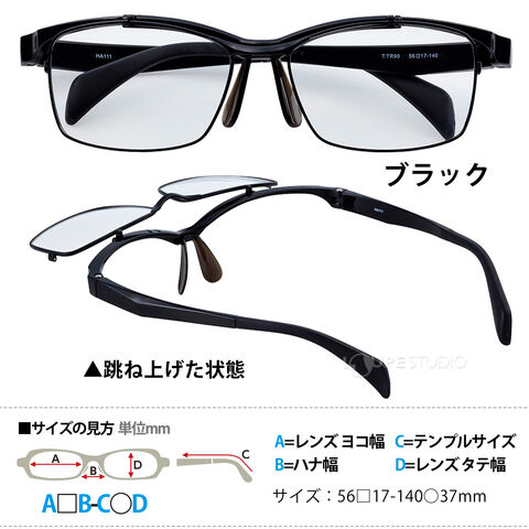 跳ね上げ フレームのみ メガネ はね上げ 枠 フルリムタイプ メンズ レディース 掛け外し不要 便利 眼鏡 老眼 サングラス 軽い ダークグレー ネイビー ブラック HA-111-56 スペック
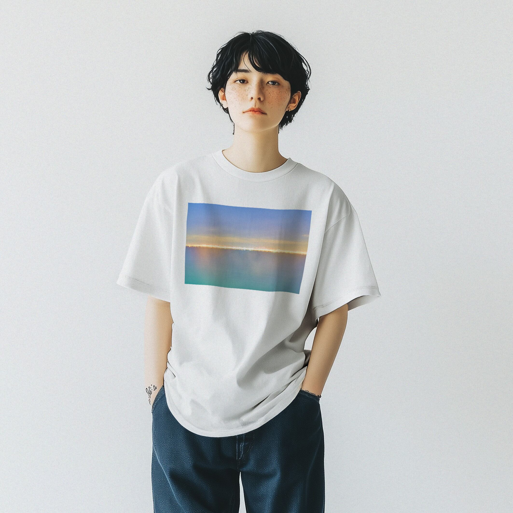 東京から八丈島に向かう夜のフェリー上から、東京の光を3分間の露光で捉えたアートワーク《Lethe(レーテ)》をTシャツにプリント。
--
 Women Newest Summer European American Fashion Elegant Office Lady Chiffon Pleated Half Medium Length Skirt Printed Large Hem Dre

## Exercise directions
Would you restate, exactly and with no pictures, the lines of the entries above from the one containing "跳ね上げ フレームのみ メガネ" through the one containing "東京から八丈島に向かう夜のフ"?

## Finished exercise
 跳ね上げ フレームのみ メガネ はね上げ 枠 フルリムタイプ メンズ レディース 掛け外し不要 便利 眼鏡 老眼 サングラス 軽い ダークグレー ネイビー ブラック HA-111-56 スペック
 東京から八丈島に向かう夜のフェリー上から、東京の光を3分間の露光で捉えたアートワーク《Lethe(レーテ)》をTシャツにプリント。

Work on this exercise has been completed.